TextFieldParser is a utility class that will allow you to parse fixed-width or delimited text files in an event-driven model. Simply specify the file location, the format type (fixed vs. delimited), and add TextField members to the strongly-typed TextFieldCollection. The TextFieldParser class will extract the desired fields from each line in the target file and is smart enough that if you are processing a delimited file and you specify that a field is quoted, it will ignore any delimiters that it may find within the quoted fields.

Each line in the text file will raise either a RecordFound or RecordFailed event, providing details appropriate to the event. If the record is a match, each TextField member of the TextFieldCollection will have its Value property updated to reflect the information parsed from the text file prior to raising the RecordFound event. If the record does not match the requested pattern, the RecordFailed event provides the line number and text of the offending record along with an error message and a boolean reference variable that you can use to abort or continue processing. In addition to verifying that each TextField object has a corresponding field in the text-file's record, the TextFieldParser will also do an explicit conversion of the text-file's value to the .NET CLR data-type specified in the TextField object. If there is a conversion error, this is trapped and returned to the caller through the use of the RecordFailed event.

The Interesting Bits

There is really nothing in this class library that is new or revolutionary. I just took some time to put it together in a way that would be useful to more than one project and more than one person. There are a lot of areas that are covered by this project, however, and they are worth pointing out so that anyone looking for simple examples of such implementations will know what to expect.

  • Enumerations
  • Delegates & Events
  • Overloaded Constructors and Methods
  • File Stream I/O
  • Strongly-Typed Collections

Usage Example

I haven't included any of the code itself because, quite frankly, there is little there that would require any sort of explanation and all of it is well commented. I have, however, included below an example of how you would instantiate, configure, call and handle call-backs from the TextFieldParser (included in the demo project is a text file that this code will process).
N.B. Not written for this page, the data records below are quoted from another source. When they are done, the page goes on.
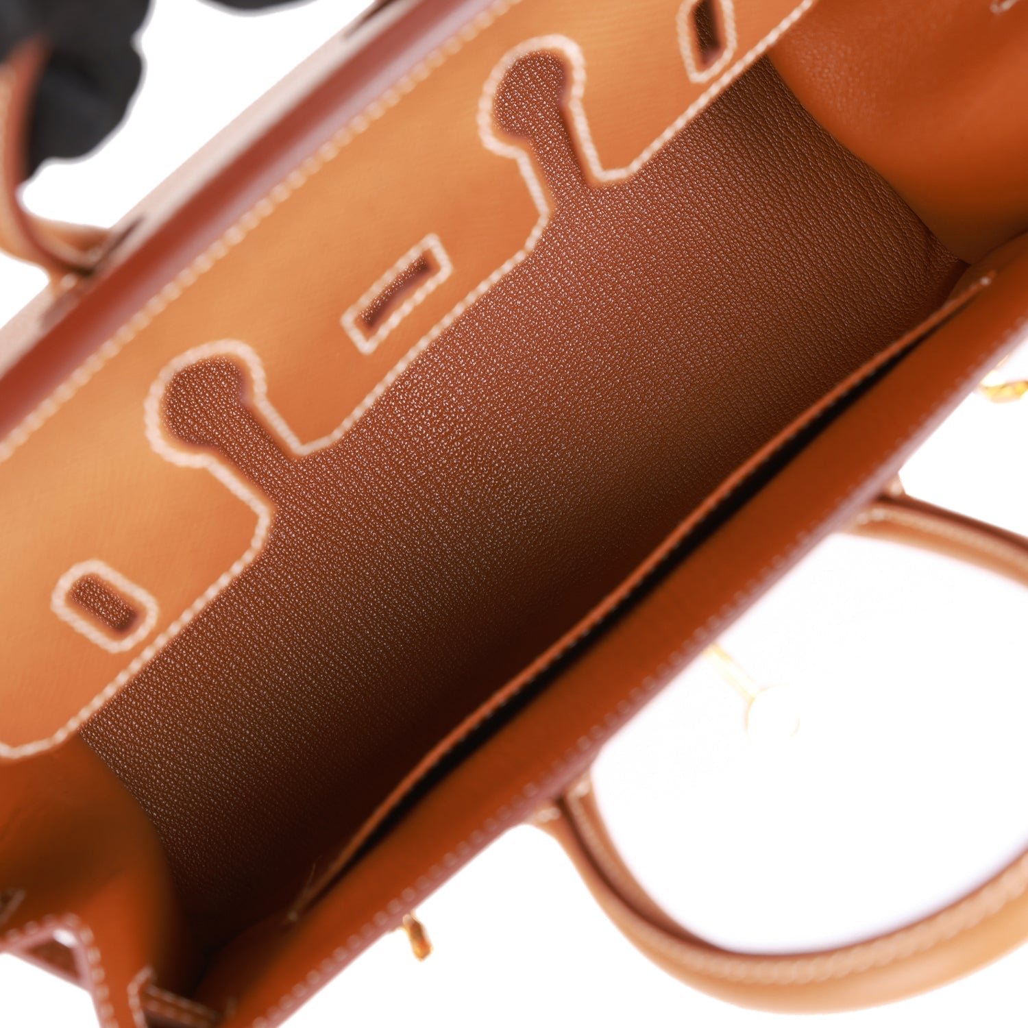 The interior is lined with gold chevre and has one zip pocket with an Hermes engraved zipper pull and an open pocket on the opposite side.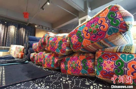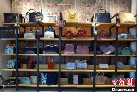 近日,中新網(wǎng)記者在安定區(qū)一家非遺工坊內見到祁輝,她身著正紅色漢服,腰間掛著香囊,穿梭于服飾區(qū)、布偶區(qū)和染布區(qū)之間。記者看到,工坊內展出商品種類多樣,色彩豐富,包括潮流挎包、時尚發(fā)卡、卡通布偶、可愛抱枕,以及扎染服裝和圍巾等,在極具古風創(chuàng)意的同時,還不乏國潮設計理念。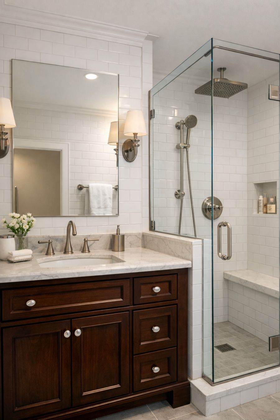 The bathroom is a perfect blend of classic elegance and contemporary convenience, featuring high-quality materials and a thoughtful layout. Crisp white tiles line the walls, contrasting beautifully with the rich, dark wood of the vanity. A large mirror above the sink enhances the sense of space, while modern fixtures in a sleek metallic finish add a touch of sophistication. The spacious shower area, enclosed by clear glass panels, provides a refreshing escape with its rain showerhead and clean lines.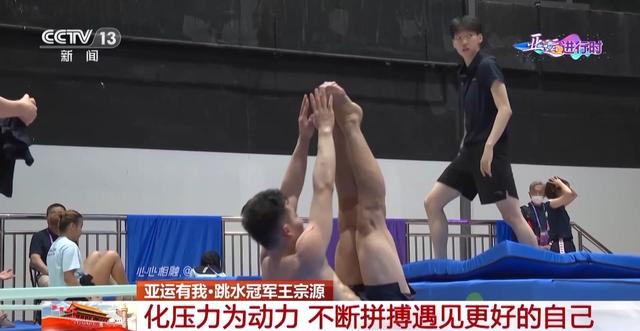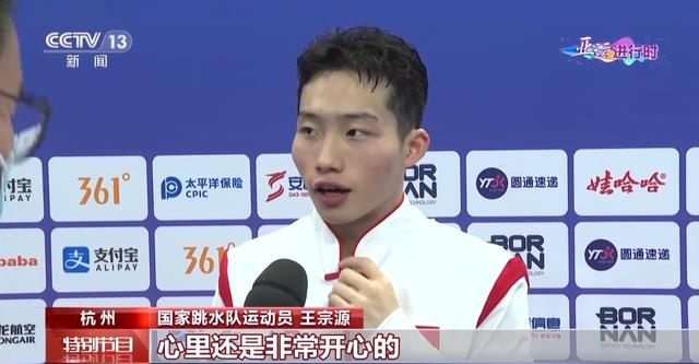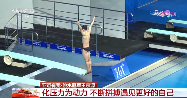 国家跳水队运动员 王宗源:整场比赛过程当中其实出现了很多问题,特别是心态上的,很明显在几个自己很拿手的动作出现了一些问题,所以导致了整场比赛只能说给自己打个五六分。最后一跳是自己立刻调动了回来,找到了自己该有的比赛节奏,所以最后一跳自己能“咬住”,才能够摘得这枚金牌。

One thing to note is that the TextField object has properties for Length and Quoted. The Length property has meaning only if your FileFormat is FixedWidth and the Quoted property has meaning only if the FileFormat is Delimited. Otherwise, these values are ignored.

Imports Utilities.Text.Parsing
Module Module1

    Dim WithEvents DataFile As New Utilities.Text.Parsing.TextFieldParser

    Sub Main()

        ' **********************

        ' Delimited File Parsing

        ' **********************


        ' Configure the base object properties

        DataFile.FileType = TextFieldParser.FileFormat.Delimited
        DataFile.FileName = "D:\DelimTestFile.txt"

        ' Add the TextField objects to the collection

        Dim quote As Boolean
        For i As Int32 = 1 To 80
            ' LineOne,"two",three,"four",five,"six" ...

            quote = (i Mod 2 = 0)
            DataFile.TextFields.Add(New TextField("Field" + _
                 i.ToString(), TypeCode.String, quote))
        Next i

        ' Parse the file

        DataFile.ParseFile()

        ' ************************

        ' Fixed Width File Parsing

        ' ************************


        ' Configure the base object properties

        DataFile.FileType = TextFieldParser.FileFormat.FixedWidth
        DataFile.FileName = "D:\FixedTestFile.txt"
        ' get rid of the old field definitions

        DataFile.TextFields.Clear()

        ' Add the TextField objects to the collection

        ' LineOne  onetwothreefourfivesixseveneightnine10 ...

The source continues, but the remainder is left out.